● **WHAT IS BEING ASKED**: Your answer must match the records word for word and contain no pictures.

● **EXERCISE INPUT**:

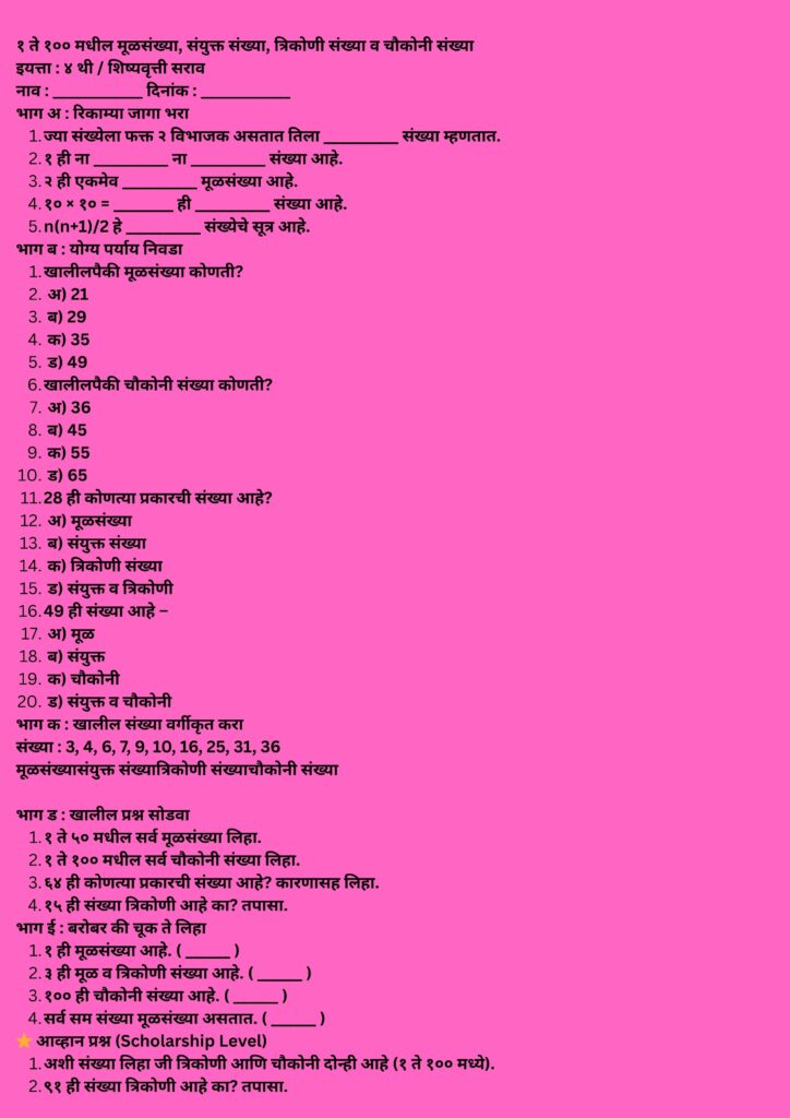 गणित हा विषय विद्यार्थ्यांच्या बौद्धिक विकासासाठी अत्यंत महत्त्वाचा आहे. इयत्ता 4थी व शिष्यवृत्ती परीक्षेच्या दृष्टीने संख्याज्ञान (Number Sense) हा पाया मजबूत असणे गरजेचे आहे.Number Sense 1 to 100 या संख्यांमधील मूळसंख्या (Prime Numbers), संयुक्त संख्या (Composite Numbers), त्रिकोणी संख्या (Triangular Numbers) आणि चौकोनी संख्या (Square Numbers) यांचे सखोल ज्ञान असल्यास विद्यार्थी गणितातील अनेक उदाहरणे सहज सोडवू शकतात.
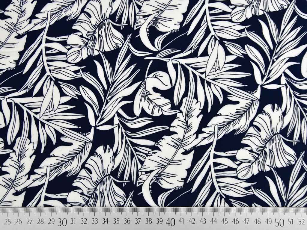 Ein leichter, dunkelblauer Viskosestoff mit großen weißen Blättern im Tropenlook. Der Stoff ist luftig leicht und hat einen weichen Fall.
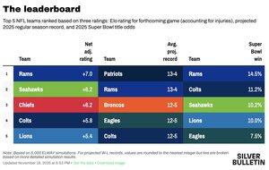 ELWAY-oppdatering! Rams har nå en ganske klar ledelse i QB- og skadejusterte vurderinger. ELWAY liker fortsatt Chiefs, som i motsetning til i fjor er bedre enn deres rekord, men med 5-5 er de nede i 67 % sjanse for å nå sluttspillet.
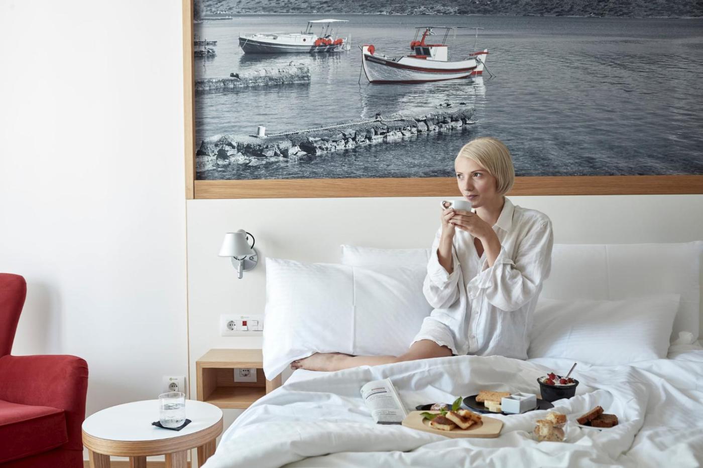 Olive Green Club Elite Room. Located on the 6th floor, Olive Green Club rooms come with cutting edge décor in minimal lines and exquisite architecture. Abundant sunlight brightens the interior, while the terrace is fully furnished, with table, chairs and sun loungers. High-tech facilities include a 49’’ TV, walk-in, high-pressure rain shower, an espresso machine, free WiFi, electronic 15’’ laptop size safe and USB plugs. Teacoffee making facilities are also provided. Guests are welcomed with raki drink, rusks, olives and local sweets. A complimentary tablet, serving you as a guest directory and digital concierge, is available. ;
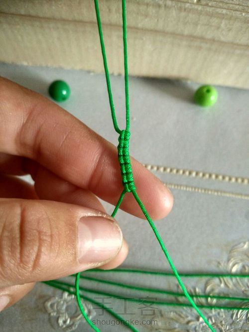 右边第二根做轴向左编斜卷结
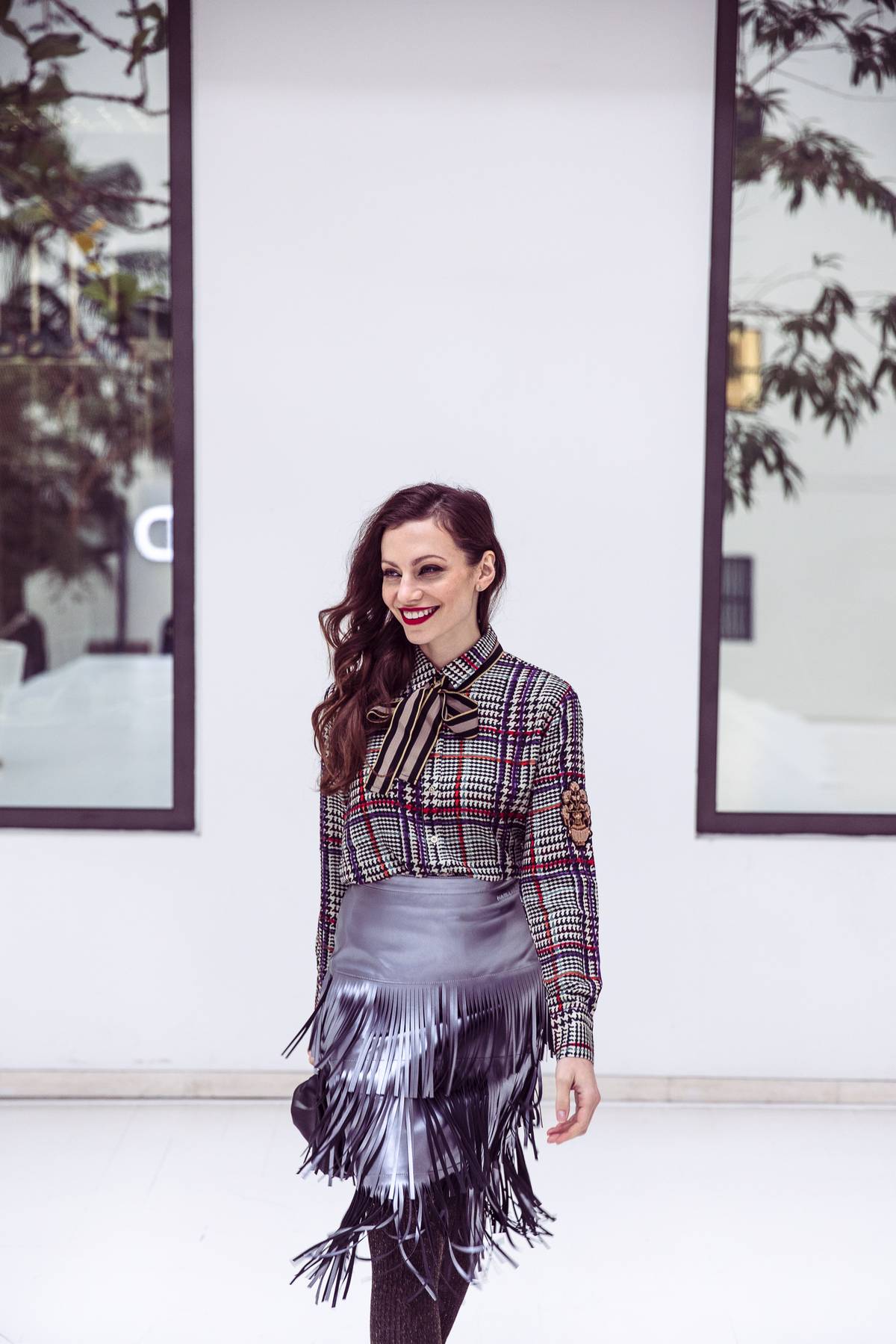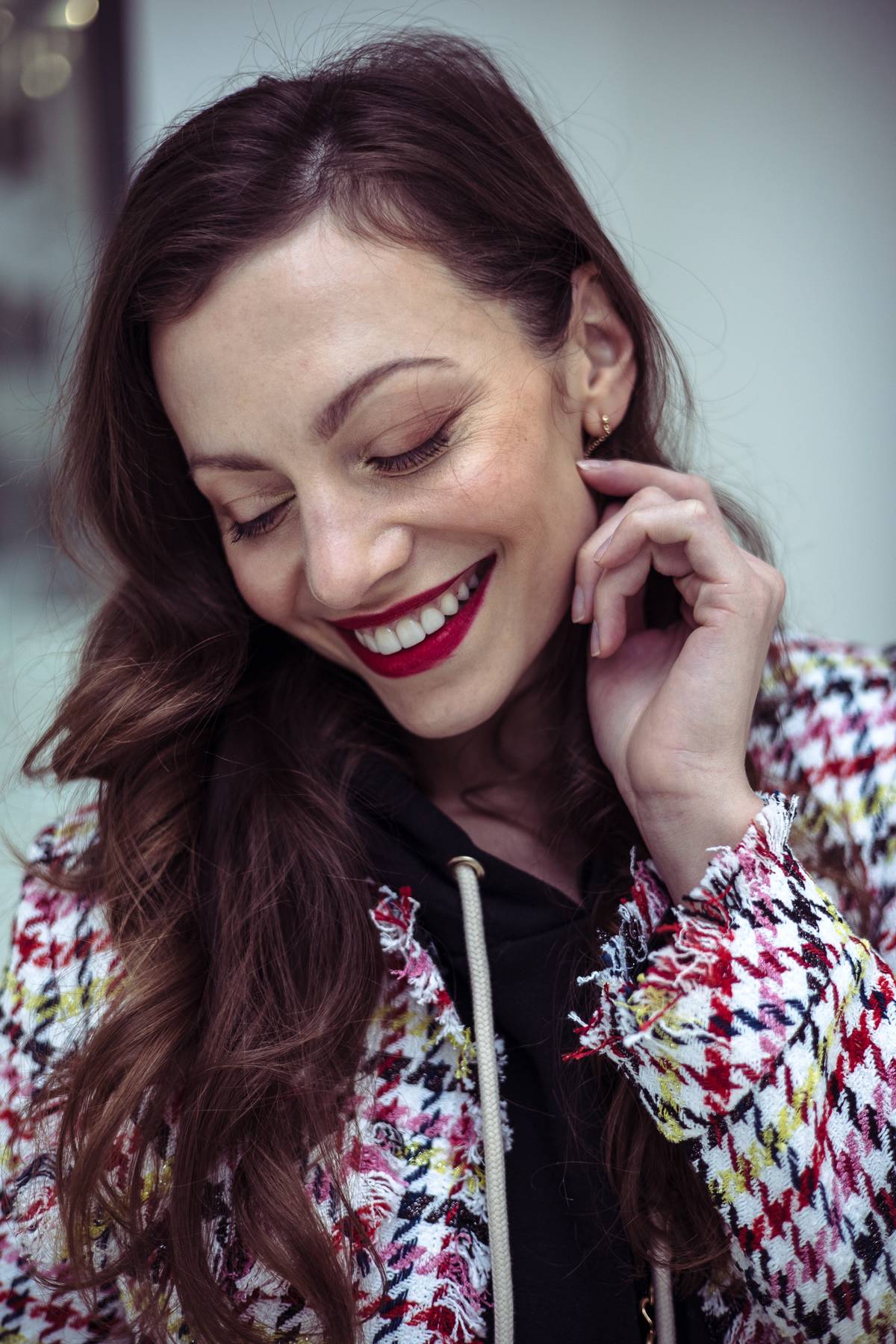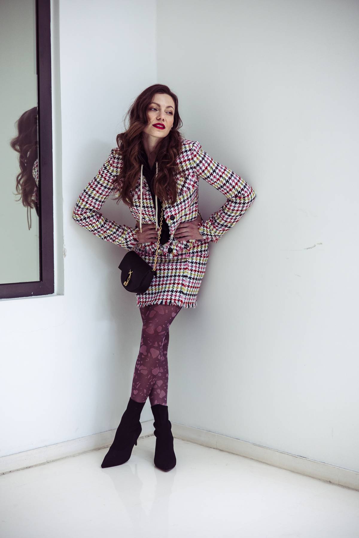 Na foto: náušnice (Topshop, prodává Zalando, 490 Kč za set); sako (Karl Lagerfeld, prodává Vermont, 8399 Kč); mikina (F&F, 349 Kč); sukně (Karl Lagerfeld, prodává Vermont, 5809 Kč); kabelka (Zac Posen, prodává Zalando, 3444 Kč); punčocháče (Hysteria, prodává Urbanlux, 699 Kč); boty (F&F, 699 Kč)
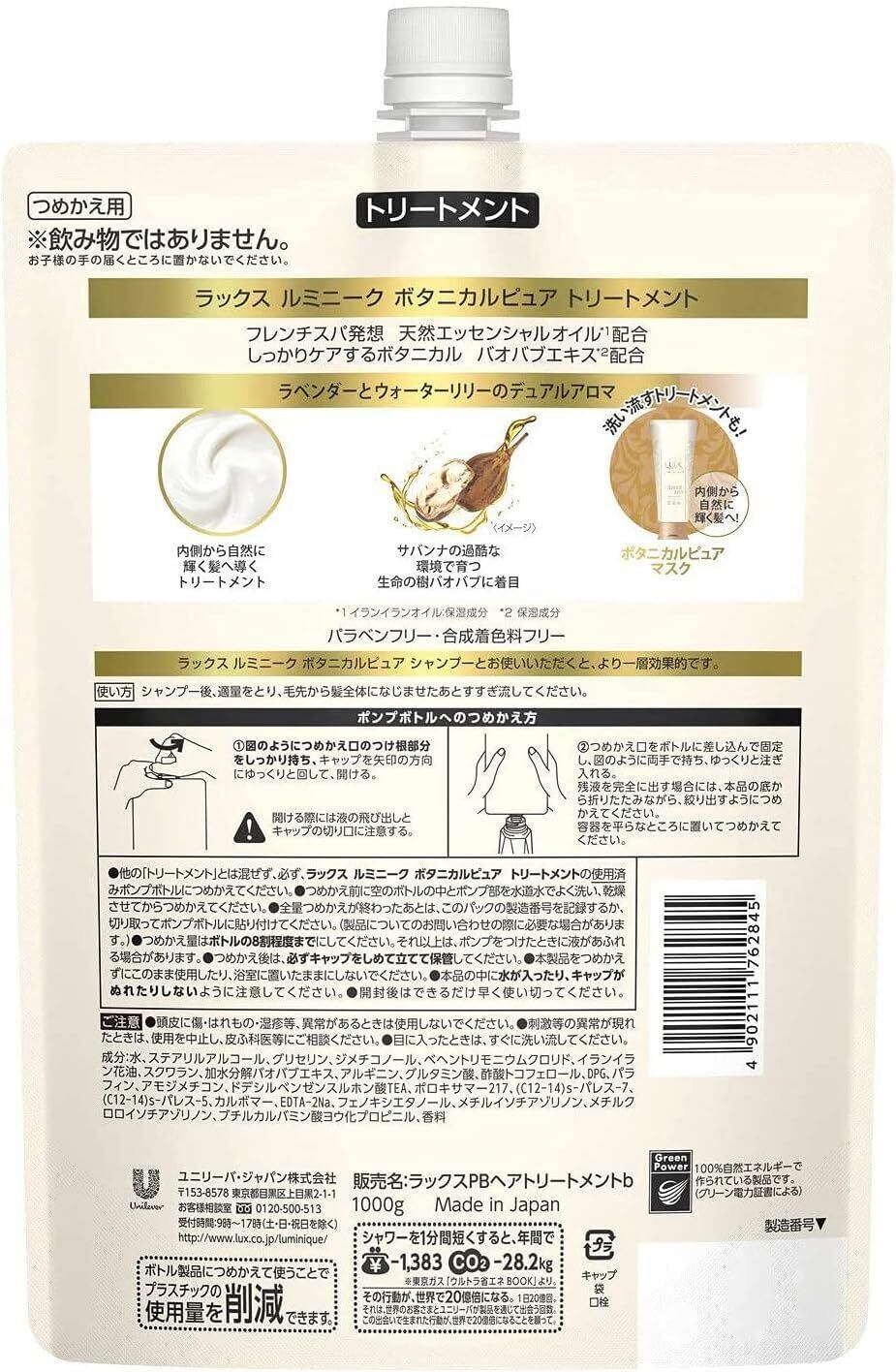 «特徴» ●サバンナの過酷な環境で育つ、生命の樹といわれるバオバブエキス(※1)を配合。 ●フレンチスパ発想。100%天然のエッセンシャルオイル(※2)配合。 ●しっかりケアするボタニカルで、内側から自然に輝く髪へ。 ●夜と朝で香りが変わる。ラベンダーとウォーターリリーのデュアルアロマ。 ●パラベンフリー、合成着色料フリー。 ●売上No1(※3)ブランドからノンシリコン(※4)。 «商品説明» サバンナの過酷な環境で育つ、生命の樹といわれるバオバブエキス(※1)を配合。フレンチスパ発想。100%天然のエッセンシャルオイル(※2)配合。しっかりケアするボタニカルで、内側から自然に輝く髪へ。夜と朝で香りが変わる。ラベンダーとウォーターリリーのデュアルアロマ。パラベンフリー、合成着色料フリー。売上No1(※3)ブランドからノンシリコン(※4)。ラックス ルミニーク ボタニカルピュア シャンプーとお使いいただくと、より一層効果的です。 ※1…保湿成分 ※2…イランイランオイル(保湿成分) ※3…INTAGE SRI シャンプー、コンディショナー市場 2018年5月~2019年4月金額シェア ※4…シャンプーのみ
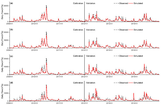 Comparison of daily observed streamflow with SWAT-simulated streamflow driven by (a) Obs + Obs, (b) CMADS + Obs, (c) 3B42 + Obs and (d) 3B42RT + Obs input scenarios, respectively.
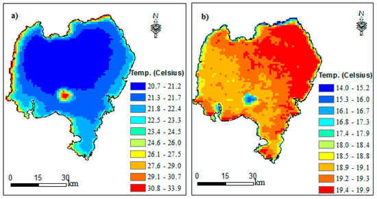 Average annual day and night-time water temperature for the period 2010–2016. (a) Daytime average annual water temperature and (b) night-time average annual water temperature.
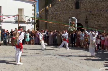 En Robledillo de la Vera, los danzantes acompañan a San Miguel en uno momento muy emotivo y esperado en el pueblo.
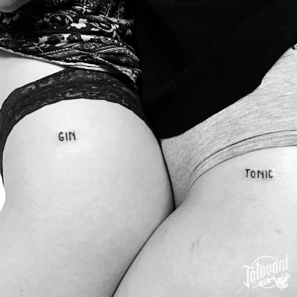 Společná tetování pro kamarádky, nápisy na boku stehna
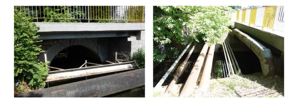 W wielu przypadkach zbyt mała przepustowość lub niewłaściwie ukształtowane wloty prowadzą do spiętrzeń, które następnie powodują zalewanie terenów położonych powyżej drogi lub nasypu kolejowego. Dotyczy to również lokalizowania urządzeń obcych w postaci rurociągów w bezpośrednim obrębie przepustów, stanowiących zagrożenie w czasie powodzi zarówno dla obiektów inżynieryjnych, jak i dla przesyłanych mediów niezbędnych z punktu widzenia funkcjonowania mieszkańców (ryc. 13).

● **ANSWER TO THIS PROBLEM**:
 गणित हा विषय विद्यार्थ्यांच्या बौद्धिक विकासासाठी अत्यंत महत्त्वाचा आहे. इयत्ता 4थी व शिष्यवृत्ती परीक्षेच्या दृष्टीने संख्याज्ञान (Number Sense) हा पाया मजबूत असणे गरजेचे आहे.Number Sense 1 to 100 या संख्यांमधील मूळसंख्या (Prime Numbers), संयुक्त संख्या (Composite Numbers), त्रिकोणी संख्या (Triangular Numbers) आणि चौकोनी संख्या (Square Numbers) यांचे सखोल ज्ञान असल्यास विद्यार्थी गणितातील अनेक उदाहरणे सहज सोडवू शकतात.
 Ein leichter, dunkelblauer Viskosestoff mit großen weißen Blättern im Tropenlook. Der Stoff ist luftig leicht und hat einen weichen Fall.
 ELWAY-oppdatering! Rams har nå en ganske klar ledelse i QB- og skadejusterte vurderinger. ELWAY liker fortsatt Chiefs, som i motsetning til i fjor er bedre enn deres rekord, men med 5-5 er de nede i 67 % sjanse for å nå sluttspillet.
 Olive Green Club Elite Room. Located on the 6th floor, Olive Green Club rooms come with cutting edge décor in minimal lines and exquisite architecture. Abundant sunlight brightens the interior, while the terrace is fully furnished, with table, chairs and sun loungers. High-tech facilities include a 49’’ TV, walk-in, high-pressure rain shower, an espresso machine, free WiFi, electronic 15’’ laptop size safe and USB plugs. Teacoffee making facilities are also provided. Guests are welcomed with raki drink, rusks, olives and local sweets. A complimentary tablet, serving you as a guest directory and digital concierge, is available. ;
 右边第二根做轴向左编斜卷结
 Na foto: náušnice (Topshop, prodává Zalando, 490 Kč za set); sako (Karl Lagerfeld, prodává Vermont, 8399 Kč); mikina (F&F, 349 Kč); sukně (Karl Lagerfeld, prodává Vermont, 5809 Kč); kabelka (Zac Posen, prodává Zalando, 3444 Kč); punčocháče (Hysteria, prodává Urbanlux, 699 Kč); boty (F&F, 699 Kč)
 «特徴» ●サバンナの過酷な環境で育つ、生命の樹といわれるバオバブエキス(※1)を配合。 ●フレンチスパ発想。100%天然のエッセンシャルオイル(※2)配合。 ●しっかりケアするボタニカルで、内側から自然に輝く髪へ。 ●夜と朝で香りが変わる。ラベンダーとウォーターリリーのデュアルアロマ。 ●パラベンフリー、合成着色料フリー。 ●売上No1(※3)ブランドからノンシリコン(※4)。 «商品説明» サバンナの過酷な環境で育つ、生命の樹といわれるバオバブエキス(※1)を配合。フレンチスパ発想。100%天然のエッセンシャルオイル(※2)配合。しっかりケアするボタニカルで、内側から自然に輝く髪へ。夜と朝で香りが変わる。ラベンダーとウォーターリリーのデュアルアロマ。パラベンフリー、合成着色料フリー。売上No1(※3)ブランドからノンシリコン(※4)。ラックス ルミニーク ボタニカルピュア シャンプーとお使いいただくと、より一層効果的です。 ※1…保湿成分 ※2…イランイランオイル(保湿成分) ※3…INTAGE SRI シャンプー、コンディショナー市場 2018年5月~2019年4月金額シェア ※4…シャンプーのみ
 Comparison of daily observed streamflow with SWAT-simulated streamflow driven by (a) Obs + Obs, (b) CMADS + Obs, (c) 3B42 + Obs and (d) 3B42RT + Obs input scenarios, respectively.
 Average annual day and night-time water temperature for the period 2010–2016. (a) Daytime average annual water temperature and (b) night-time average annual water temperature.
 En Robledillo de la Vera, los danzantes acompañan a San Miguel en uno momento muy emotivo y esperado en el pueblo.
 Společná tetování pro kamarádky, nápisy na boku stehna
 W wielu przypadkach zbyt mała przepustowość lub niewłaściwie ukształtowane wloty prowadzą do spiętrzeń, które następnie powodują zalewanie terenów położonych powyżej drogi lub nasypu kolejowego. Dotyczy to również lokalizowania urządzeń obcych w postaci rurociągów w bezpośrednim obrębie przepustów, stanowiących zagrożenie w czasie powodzi zarówno dla obiektów inżynieryjnych, jak i dla przesyłanych mediów niezbędnych z punktu widzenia funkcjonowania mieszkańców (ryc. 13).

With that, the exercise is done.